Eat, Pray, Love the food factor and veganism

Yesterday’s post brought you a view of the creative and Elizabeth Gilbert’s Eat, Pray, Love. Today I’m tackling the food issue, which I found both inspiring and problematic. As you’ll read just a few lines down, I loved the first section of Gilbert’s book—”Eat”. This section takes place in Italy and is decadent and laced with beautiful imagery, but it’s definitely. Not. Vegan. So this problemitizes things. I find her views and relationship with food to be inspirational, but the food itself is a different story. I think there’s something we can all learn from voyeuristically going along on someone else’s personal journey, especially if it has to do with something we love (eating!). So, without further ado, here is the second half of my assignment for my Women in Creativity class…

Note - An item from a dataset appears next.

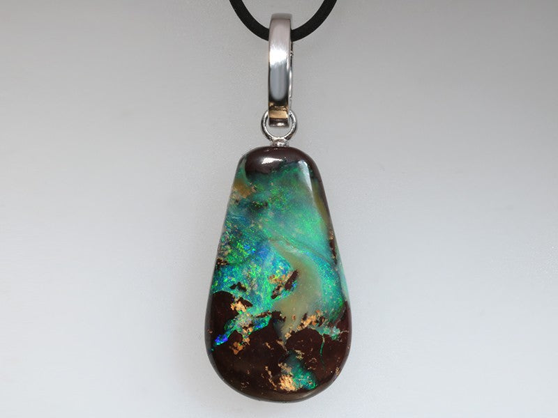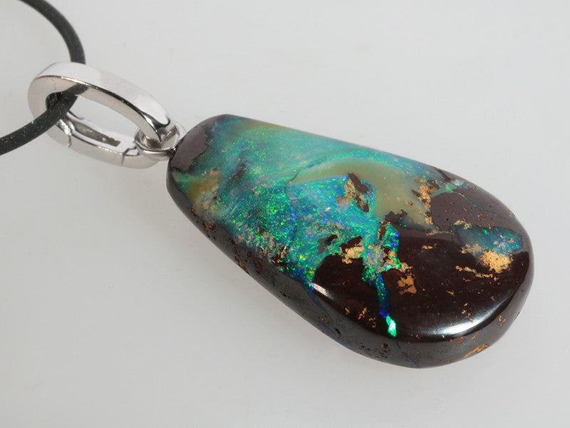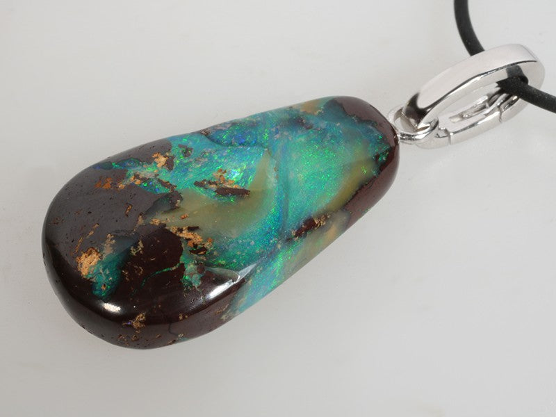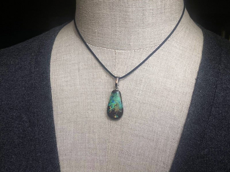 Pendente con opale boulder australiano dai colori densi e riflessi di tante tonalità di verde e blu sempre molto evidenti. Chiusura charm in argento 925.

Eat, Pray, Love revisited: “Eat” and the Power of the Female Body

My favorite section of Elizabeth Gilbert’s Eat, Pray, Love (EPL) is by far the first section of the memoir: “Eat.” “Eat” takes place in Italy, where Gilbert feasted on all sorts of wonders and delights both culinary and otherwise. She shares roasted chicken with a stray dog and regains her love of dessert through luxurious scoops of fresh gelato, all while soaking up as much Italian as possible through language classes and the friendships she forged while in the boot-shaped country.

Julia Roberts as Elizabeth Gilbert in the recent film based on the book. (Still havent’ seen it… oops…) Here she is, eating gelato in Italy.

While Gilbert somewhat laments the new pants sizes she acquired while in Italy, (though only at the end of the section, and only for a few sentences) her recollections of and emphasis on food and pleasure are both empowering and refreshing in today’s culture. In a society obsessed with thinness, youth, and idealization, and one that condemns what it perceives as larger bodies, Gilbert asserts a powerful yet subtle testimony to the various natural sizes and shapes of women’s bodies. While in Italy, Gilbert recalls that she was the happiest she had been since her divorce and depression had emerged, and she regained both her ability to indulge as well as love herself.

As someone who is fascinated with the portrayal of women and women’s bodies by popular culture, reading a textual description rather than looking at an image was not only refreshing, but also extremely powerful. Gilbert cultivated a healthy relationship with both food and eating while she was in Italy, and learned to allow herself to enjoy life’s simple pleasures. As I mentioned in my last post on EPL, her ability to nurture herself ultimately gave way to the cultivation and re-emergence of her creative genius, something that she literally fed while in Italy.

Falling in love with her pizza!

Gilbert not only fed her body but also her mind and spirit, learning to indulge in the act of indulging. Throughout the whole memoir, she maintains this healthy relationship with food, mentioning it in the two subsequent sections. While this is not only uplifting, it also aids in the reader’s experience taking in Gilbert’s journey. Not only do we see what Gilbert sees, but we also eat what she eats, and are even more swept up in the journey she embarks on. We also share in the feel-good factor. The food makes her feel good, so it makes us feel good too, and shows us that all of those socially prescribed norms around eating? Well they’re just about as silly as not wanting that pizza she falls in love with while in Italy.